Work to complete:
Return every line below as is, leaving out the pictures.

(Stored data)

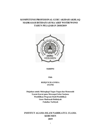 Rizqi Nur Annisa. 1512702. Kompetensi Profesional Guru Akidah Akhlaq MI Ma’arif Wotbuwono Tahun Pelajaran 2018/2019. Rendahnya kualitas pendidikan disebabkan oleh berbagai persoalan salah satunya adalah kompetensi profesional tenaga pendidik. Guru/tenaga pendidik
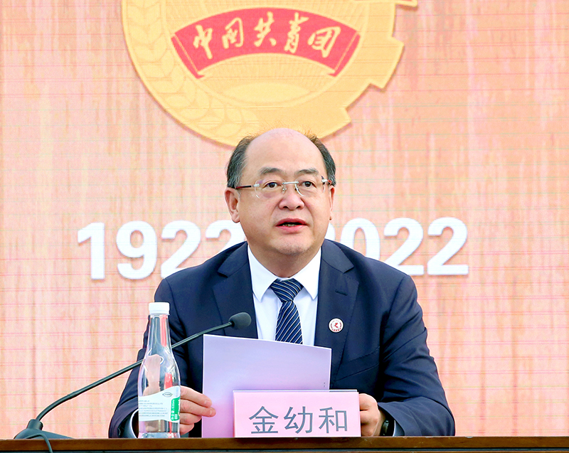 在庄严的国歌声中,大会正式开幕。金幼和讲话,代表学校党委向一年来在学校共青团工作中作出突出贡献,受到表彰奖励的先进集体和个人表示热烈祝贺,向全校广大共青团员、青年朋友和全体团干部,致以诚挚的问候和美好的祝愿。金幼和全面回顾了党领导下中国青年运动的光辉历程,深入阐释了习近平总书记的重要讲话精神,深刻分析了当前学校发展的形势,充分肯定了best365青年在学校改革发展中作出的贡献,并结合学习贯彻习近平总书记的重要讲话精神和学校实际,向学校各级团组织、广大团干部和全体团员青年,提出三点希望:一是希望全校各级团组织牢记初心使命,更加自觉坚定地引领团员青年建功新时代、奋进新征程;二是希望广大团干部发挥好示范引领和模范带头作用,努力锻造成为对党忠诚、心系青年、勇于担当、作风过硬的青年马克思主义者;三是希望学校广大团员青年胸怀理想,自信自强,不断奏响新时代昆院学子勇毅笃行、堪当大任的青春乐章。
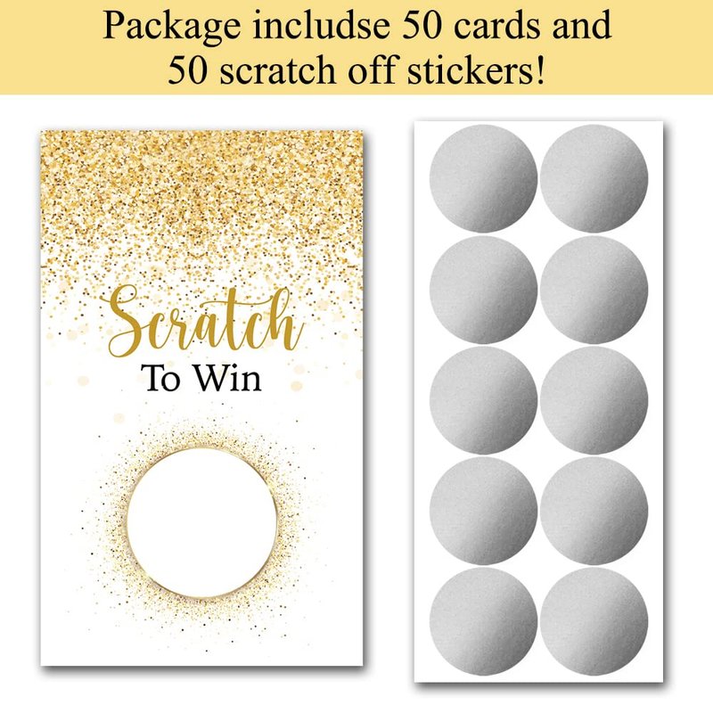 - Package Contents: You will receive a total of 50 cards - 42 "lose" + 8 "win" cards. Each card is 3.5" x 2" and has a permanent silver foil seal scratch display, giving you a quick idea of how much prizes you want for your special event.
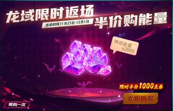 【活动细则】活动期间可以1000点券价格购买神话能量*2000,期间每个角色限购一次。
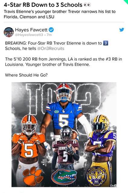 Correct me if I’m wrong but he has LSU listed in his top five schools already.

(End Stored data)

Output for this task:
 Rizqi Nur Annisa. 1512702. Kompetensi Profesional Guru Akidah Akhlaq MI Ma’arif Wotbuwono Tahun Pelajaran 2018/2019. Rendahnya kualitas pendidikan disebabkan oleh berbagai persoalan salah satunya adalah kompetensi profesional tenaga pendidik. Guru/tenaga pendidik
 在庄严的国歌声中,大会正式开幕。金幼和讲话,代表学校党委向一年来在学校共青团工作中作出突出贡献,受到表彰奖励的先进集体和个人表示热烈祝贺,向全校广大共青团员、青年朋友和全体团干部,致以诚挚的问候和美好的祝愿。金幼和全面回顾了党领导下中国青年运动的光辉历程,深入阐释了习近平总书记的重要讲话精神,深刻分析了当前学校发展的形势,充分肯定了best365青年在学校改革发展中作出的贡献,并结合学习贯彻习近平总书记的重要讲话精神和学校实际,向学校各级团组织、广大团干部和全体团员青年,提出三点希望:一是希望全校各级团组织牢记初心使命,更加自觉坚定地引领团员青年建功新时代、奋进新征程;二是希望广大团干部发挥好示范引领和模范带头作用,努力锻造成为对党忠诚、心系青年、勇于担当、作风过硬的青年马克思主义者;三是希望学校广大团员青年胸怀理想,自信自强,不断奏响新时代昆院学子勇毅笃行、堪当大任的青春乐章。
 - Package Contents: You will receive a total of 50 cards - 42 "lose" + 8 "win" cards. Each card is 3.5" x 2" and has a permanent silver foil seal scratch display, giving you a quick idea of how much prizes you want for your special event.
 【活动细则】活动期间可以1000点券价格购买神话能量*2000,期间每个角色限购一次。
 Correct me if I’m wrong but he has LSU listed in his top five schools already.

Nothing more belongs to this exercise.